* WHAT IS REQUIRED:
In the entries below, repeat only the lines between those holding "per case only)" and "Composition : Biotin,Calcium", inclusive. Leave pictures out.

* EXTRACTED ENTRIES:
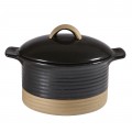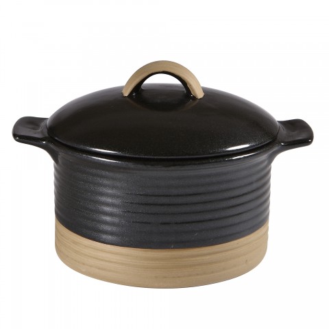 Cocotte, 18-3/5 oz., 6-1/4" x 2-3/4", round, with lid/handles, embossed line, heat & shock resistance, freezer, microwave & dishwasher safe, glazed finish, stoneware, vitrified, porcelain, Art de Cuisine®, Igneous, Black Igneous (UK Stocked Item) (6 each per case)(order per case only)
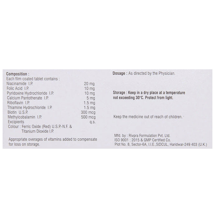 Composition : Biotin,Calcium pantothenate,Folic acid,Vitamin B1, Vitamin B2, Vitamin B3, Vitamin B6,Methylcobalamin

* * *

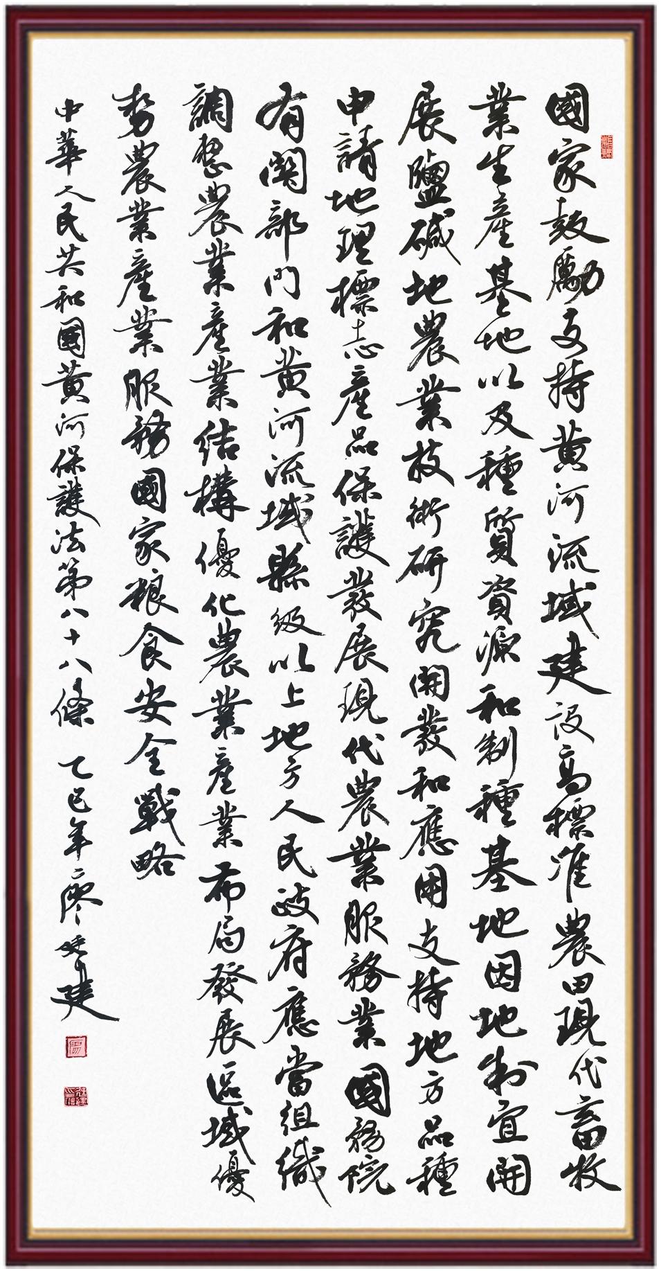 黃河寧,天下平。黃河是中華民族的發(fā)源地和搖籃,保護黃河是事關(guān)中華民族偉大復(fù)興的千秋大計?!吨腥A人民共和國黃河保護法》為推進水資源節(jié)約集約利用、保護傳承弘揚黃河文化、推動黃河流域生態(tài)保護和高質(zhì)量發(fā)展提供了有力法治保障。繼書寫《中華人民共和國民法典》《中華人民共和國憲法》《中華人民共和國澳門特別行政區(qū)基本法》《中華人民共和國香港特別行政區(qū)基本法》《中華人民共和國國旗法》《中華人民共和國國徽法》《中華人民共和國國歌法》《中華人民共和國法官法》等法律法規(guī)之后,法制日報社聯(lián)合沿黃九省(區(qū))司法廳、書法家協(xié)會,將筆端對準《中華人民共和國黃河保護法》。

==

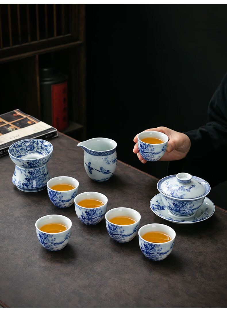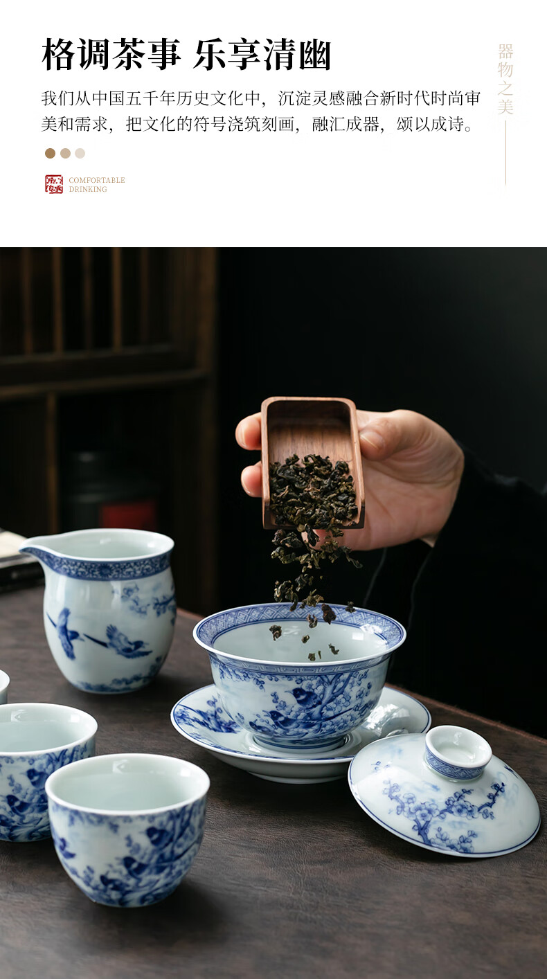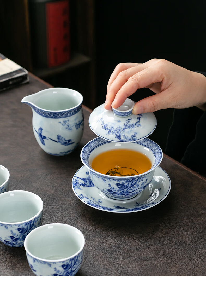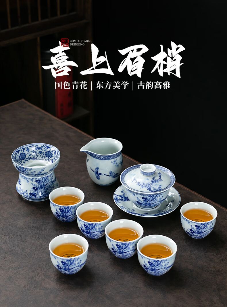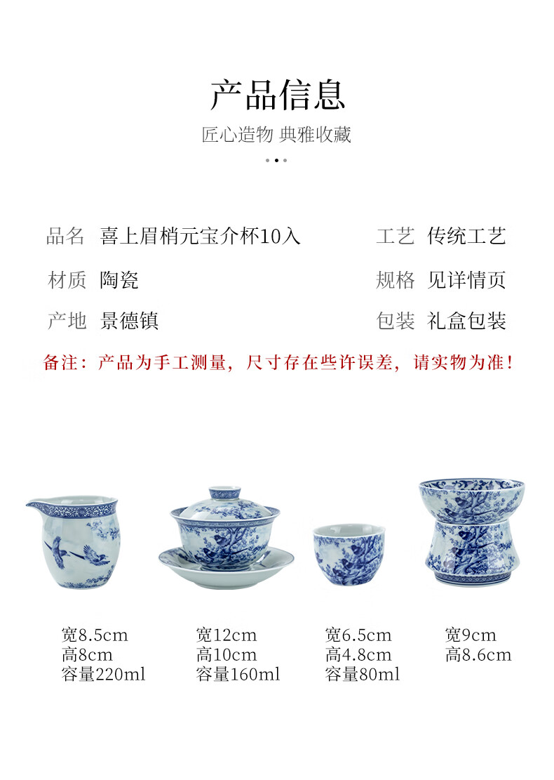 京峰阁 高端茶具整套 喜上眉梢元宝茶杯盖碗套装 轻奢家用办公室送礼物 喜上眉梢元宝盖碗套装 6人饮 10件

* RESPONSE:
 Cocotte, 18-3/5 oz., 6-1/4" x 2-3/4", round, with lid/handles, embossed line, heat & shock resistance, freezer, microwave & dishwasher safe, glazed finish, stoneware, vitrified, porcelain, Art de Cuisine®, Igneous, Black Igneous (UK Stocked Item) (6 each per case)(order per case only)
 Composition : Biotin,Calcium pantothenate,Folic acid,Vitamin B1, Vitamin B2, Vitamin B3, Vitamin B6,Methylcobalamin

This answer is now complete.